In the above description, when writing data "1" and writing data "0",
Although the potential control in the opposite direction is performed, it is also possible to control only one of them. Also in this case, at the time of writing one of the data, it is possible to increase the fluctuating potential difference of the common electrode of each capacitor in the second group far from the bit line, thereby increasing the output level to the bit line at the time of reading.

[0034]

As described above, according to the present invention,
Since the potential of the counter electrode of each capacitor can be controlled by the capacitor potential control means, by controlling the potential of the counter electrode in accordance with the distance from the bit line for each capacitor or each group, the distance from the bit line can be increased. Attenuation of information read from the memory cell, that is, a decrease in potential appearing on the bit line can be prevented, and as a result, the level of output from each capacitor can be made uniform. Therefore, the operation of the sense amplifier connected to the bit line can be stabilized, and the number of memory cells connected in series can be increased.
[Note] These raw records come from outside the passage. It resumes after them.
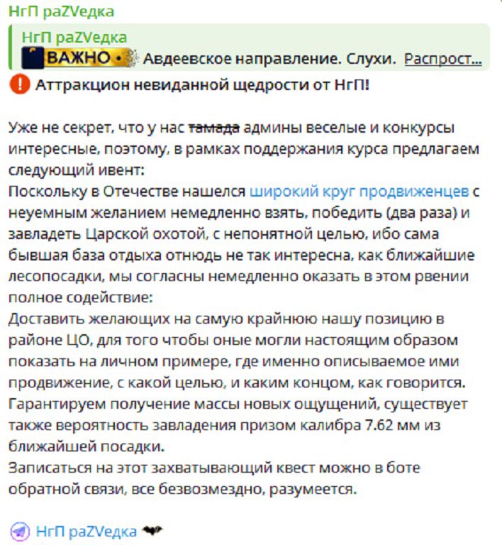 Вероятная причина — попытка создать угрозу отрезания от города опорнику Всу на донецкой фильтровальной станции, попутно спрямив периметр и получив использовать участок константиновской трассы как рокадную дорогу.
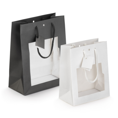 "metaTitle": "Papiertragetaschen mit Sichtfenster schwarz 180 x 190 x 80 mm - Taschen & Tüten",
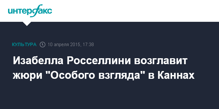 Москва. 10 апреля. INTERFAX.RU - Итало-американская актриса Изабелла Росселлини возглавит жюри второй по значимости программы Каннского кинофестиваля "Особый взгляд", сообщается на сайте киносмотра.
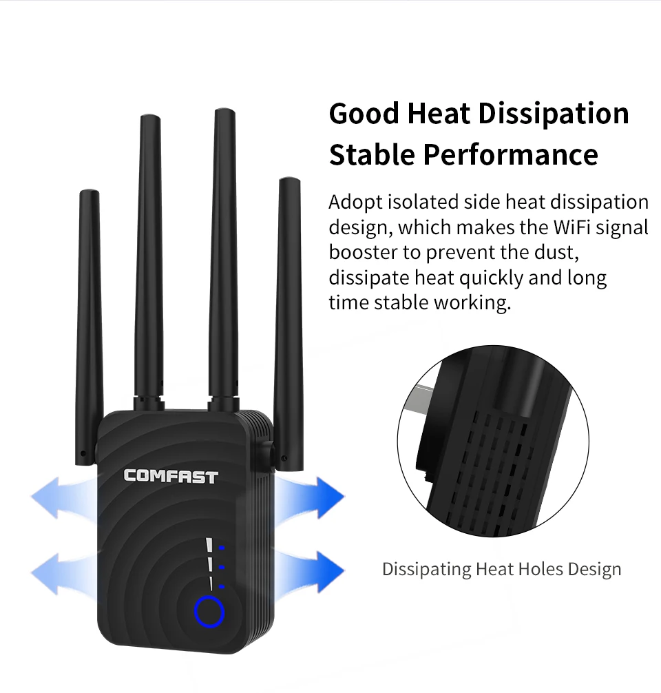 Двухдиапазонный беспроводной Wi-Fi ретранслятор расширение 1200 Мбит/с WIFI ретранслятор маршрутизатор точка доступа с 4 внешними антеннами Comfast CF-WR754AC
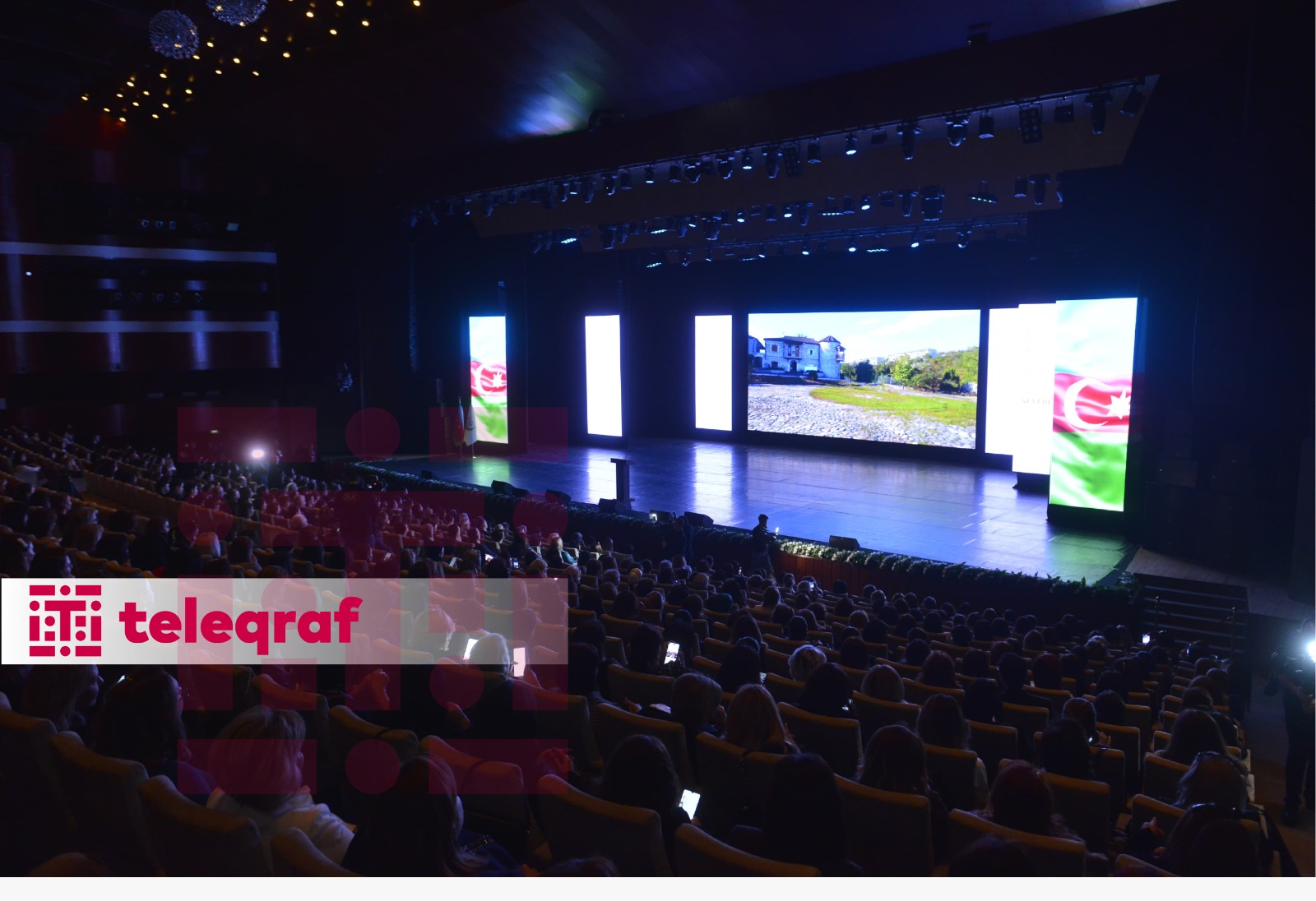 Teleqraf xəbər verir ki, tədbir başlayanda Azərbaycan Himni səsləndirilib, təyyarə qəzasında həlak olan şəhidlərimizin xatirəsi 1 dəqiqəlik sükutla yad edilib. Daha sonra qadınlara həsr edilmiş video çarx nümayiş olunub.
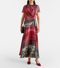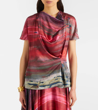 Printed draped silk satin top
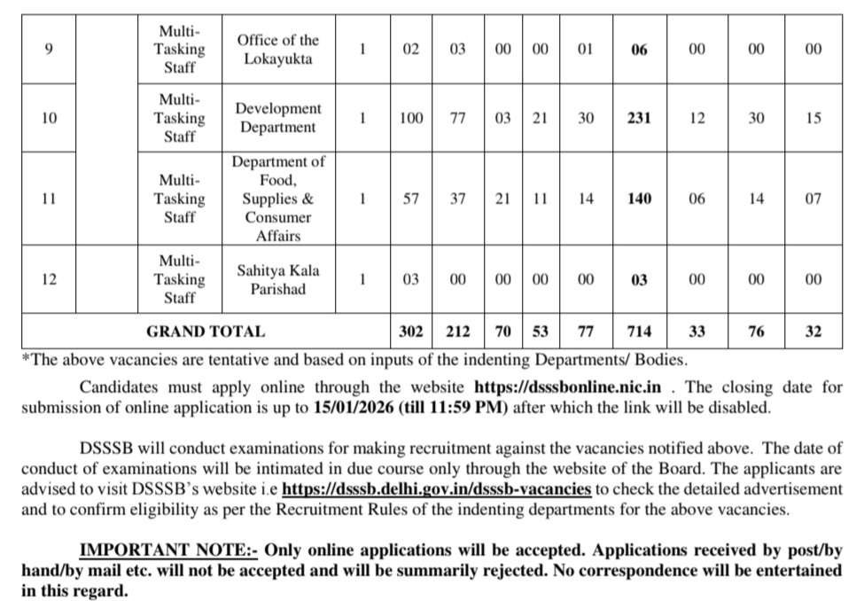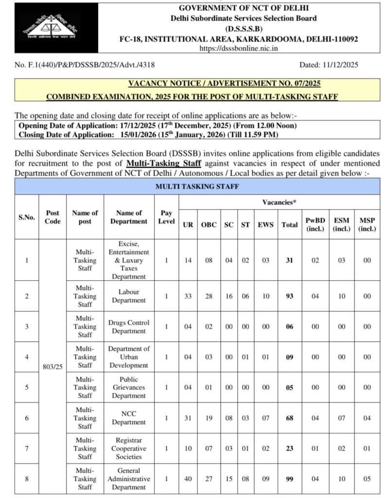 ఢిల్లీ సబార్డినేట్ సర్వీసెస్ సెలక్షన్ బోర్డ్ (DSSSB) ఢిల్లీ NCT ప్రభుత్వ విభాగాలు/స్వయంప్రతిపత్తి/స్థానిక సంస్థలకు సంబంధించి ఖాళీగా ఉన్న మల్టీ-టాస్కింగ్ స్టాఫ్ పోస్టులకు అర్హత కలిగిన అభ్యర్థుల నుండి ఆన్‌లైన్ దరఖాస్తులను ఆహ్వానిస్తుంది. కేవలం పదో తరగతి పాస్ అయి ఉంటే చాలు 18 సంవత్సరాలు 27 సంవత్సరాల మధ్యలో వయసు కలిగి ఉండాలి. ఈ నోటిఫికేషన్లు సెలెక్ట్ అయితే రూ.18,000-56,900/- మధ్యలో నెల జీతం ఇస్తారు. అర్హత గల అభ్యర్థులు https://dsssbonline.nic.in వెబ్‌సైట్ ద్వారా డిసెంబర్ 17, 2025 (మధ్యాహ్నం 12.00) నుండి జనవరి 15, 2026 (రాత్రి 11:59 వరకు) ఆన్‌లైన్‌లో దరఖాస్తు చేసుకోవచ్చు, ఆ తర్వాత లింక్ నిలిపివేయబడుతుంది.అభ్యర్థులు తమ దరఖాస్తును ఆన్‌లైన్ మోడ్ ద్వారా మాత్రమే సమర్పించాలి.
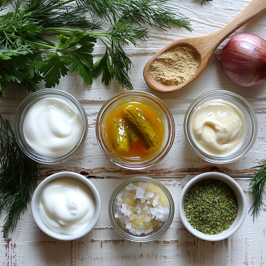 Getting this dressing right is all about balancing familiar ingredients that work in harmony to create a creamy, tangy burst of flavor. Each component plays a vital role, from the richness of mayo and sour cream to the herbal lift from dill and parsley, and of course, that magical splash of pickle juice.
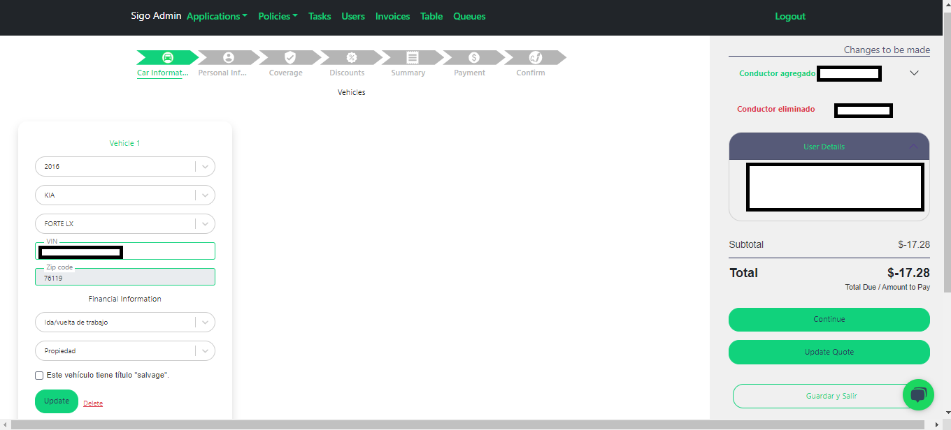 - Primera Tab - Car Information: Aquí se puede modificar información de vehículos 🚗 en endoso.
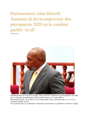 Parlamentario di Fraccion di POR, Alan Howell a mustra su preocupacion pa loke
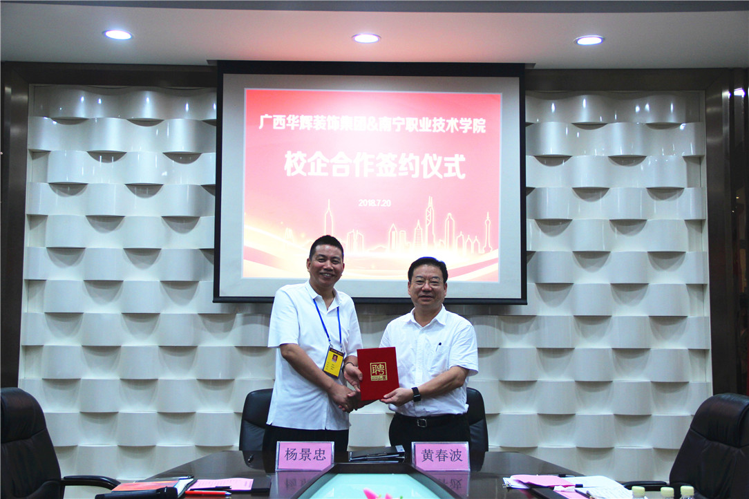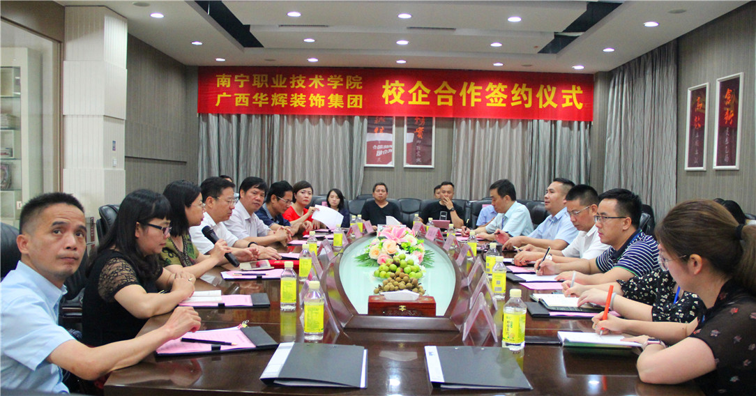 7月20日,在廣西建筑裝飾行業(yè)協(xié)會(huì)的有力推動(dòng)下,南寧職業(yè)技術(shù)學(xué)院與廣西華輝裝飾集團(tuán)有限公司簽訂合作協(xié)議,深度推動(dòng)“產(chǎn)學(xué)研”校企合作。
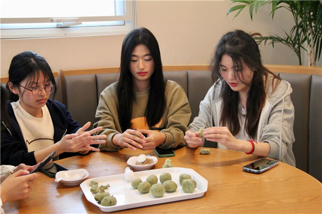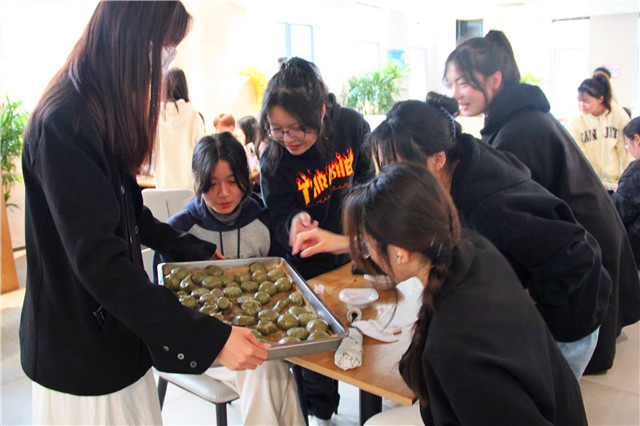 活动在典雅的古风乐曲背景下拉开帷幕,师生们使用当地植物鼠曲草,在当地制作青团的技能师傅指导下,煮汁、和面、包馅儿、造型……
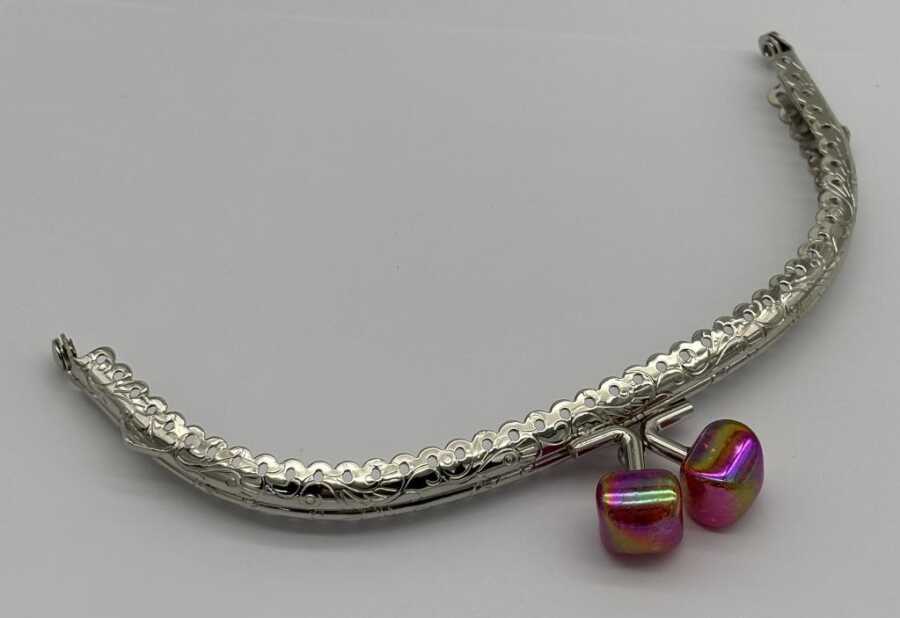 Angel Çanta Aksesuar 15.5 cm Gümüş Oval Cüzdan Çanta Klipsi Bursu Kırmızı

[Brief description of the drawings]

FIG. 1 is a block diagram showing a main configuration of a semiconductor memory device according to the present invention.

FIG. 2 is a timing chart showing an operation at the time of writing.

FIG. 3 is a block diagram showing a main configuration of a conventional semiconductor memory device.

FIG. 4 is a timing chart showing an operation at the time of reading.

FIG. 5 is an explanatory diagram showing V _BL at the time of reading according to the present invention.

[Explanation of symbols]

 DESCRIPTION OF SYMBOLS 10 Bit line 12 Cell block 14 Memory cell 16 Capacitor 16a Counter electrode 18 Transfer transistor 40 Potential control part

──────────────────────────────────────────────────続 き Continued on the front page (58) Field surveyed (Int.Cl. ⁷ , DB name) G11C 11/407

Claims (2)

(57) [Claims] The method according to claim 1 memory cells consisting of the connected transfer transistor to the capacitor and a word line as a memory element, the cell blocks formed by connecting a plurality series, in a semiconductor memory device which is connected to the bit line, said cell One end of the block is connected to the bit line, and
From the connection point of each memory cell constituting the cell block
Unlike distance to each other, it viewed including the capacitor voltage control means for controlling the potential of the counter electrode of the capacitors in the cell block, the capacitor voltage control means, when data is written,
The connection point of each memory cell constituting the cell block
As the distance from the memory increases, each memory
A semiconductor memory device characterized by increasing a fluctuating potential difference of a counter electrode of a cell capacitor. 2. A capacitor as a storage element and a word line
Cell consisting of transfer transistor connected to
Are connected in series to form a cell block
In one embodiment, one end of the cell block is connected to the bit line, and
From the connection point of each memory cell constituting the cell block
Distances from each other, and each memory cell in the cell block includes a plurality of groups.
It is divided into over-flop, the potential of the counter electrode of the capacitor in the cell block
The capacitor potential control means for controlling the
Whether the connection point of each group constituting the cell block
As their distance increases, each group
Increase the fluctuation potential difference of the counter electrode of the memory cell capacitor
The semiconductor memory device, characterized in that Kusuru.